How to check if training is done

I’m trying to make a separate program that stops only when my RLlib training is over. (I’m using tune.run for training and thus am asking this question under Ray Tune category.)
Is there a way for me to keep checking whether the training is over?

First, I believe you have to define what you consider as “training is over”. I’m not aware of any formal definition for it in RL. That said, I think you may consider stop training when agent reaches some desirable performance (that can be achieved), or that its policy has very little entropy (randomness), or when training time surpasses the time you have available, or that training stops after a pre-defined number of training iterations.

In terms of API, you can use tune’s stopping condition (see Basic Python API), e.g.,

analysis = ray.tune.run(
    # ...
    stop=stop_criteria,
    # ...
)

I hope this helps.

Yeah, I should have made myself clearer.

I’m running multiple trials of PPO with Tune’s Population-Based Training. Now, this is happening in a Ray Cluster.
What I want to do is have another program run outside the Ray Cluster. This program starts running whenever I command, but has to automatically end the moment PBT experiment is over. i.e., when tune.run returns ExperimentalAnalysis object which basically means that the Tune experiment is over. So it’s not really when the “training is over,” but when the “Tune experiment is over.”

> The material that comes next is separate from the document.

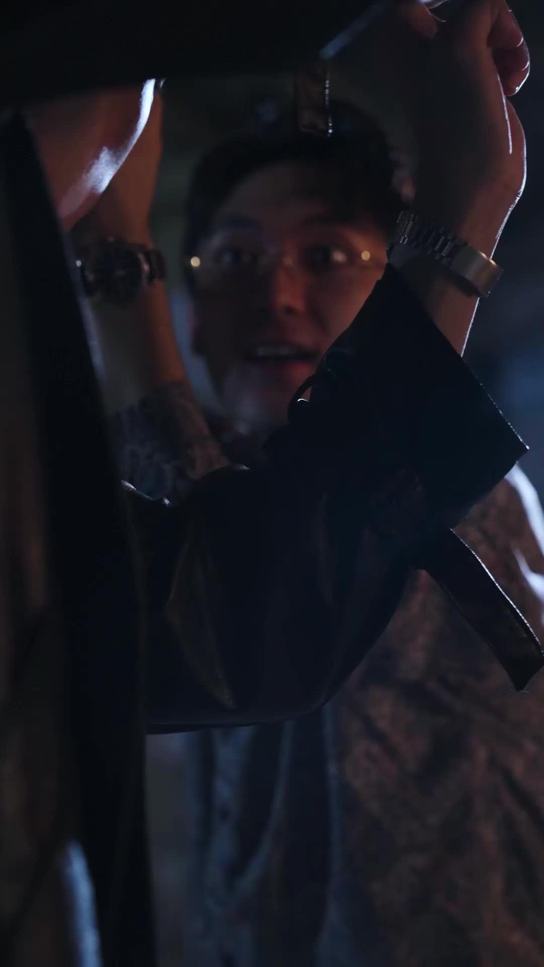 這場戲,像一盞忽明忽暗的煤油燈,在廢棄工廠的水泥牆上投下扭曲的影子——不是動作片,卻比動作片更讓人喘不過氣;不是懸疑劇,卻每幀都藏著未說出口的伏筆。主角林燁(穿黑皮衣者)站在中央,手裡那把細長短劍泛著冷光,像他此刻的眼神:壓抑、克制、但隨時會爆發。而對面那個戴金絲眼鏡、穿花紋襯衫的男人陳敘白,嘴角始終掛著一絲笑,那笑不是輕蔑,是某種……早已看透的疲憊。兩人之間的張力,不是靠台詞堆砌,而是靠呼吸節奏、腳步距離、甚至手腕轉動的角度一點點累積起來的。

In terms of the stopping conditions via stop parameter, I usually use the 'time_total_s` equal to 72,000 seconds. The training itself of each trial in the PBT population does end after 72,000 seconds, but the actual total run time of PBT experiment is approximately 84,000 seconds. However, this experiment total time changes every run. So I doubt I can use the stopping condition to check if the experiment is over.

If there’s a way to check if a certain experiment is running inside a Ray Cluster from the outside, that would be wonderful. Then I can just keep calling a function to check if PBT is still running from my non-Ray code.

Sorry if this all sounds confusing. Please let me know and I’ll try my best to clear anything! Thanks for the help

I think I get your problem. I’m not sure if there is anything built-in in Ray designed for such need. Perhaps, you can monitor the job state from Ray dashboard (I’m not sure if there is any Python api to query it)? I image that you can also try (from the training thread) to write a file somewhere or call some REST service… Besides finishing termination, you probably want to manage failures or queued tasks too, I guess.

Have you considered writing your own training reporter (Console Output (Reporters) — Ray v2.0.0.dev0)?

I hope any of this helps.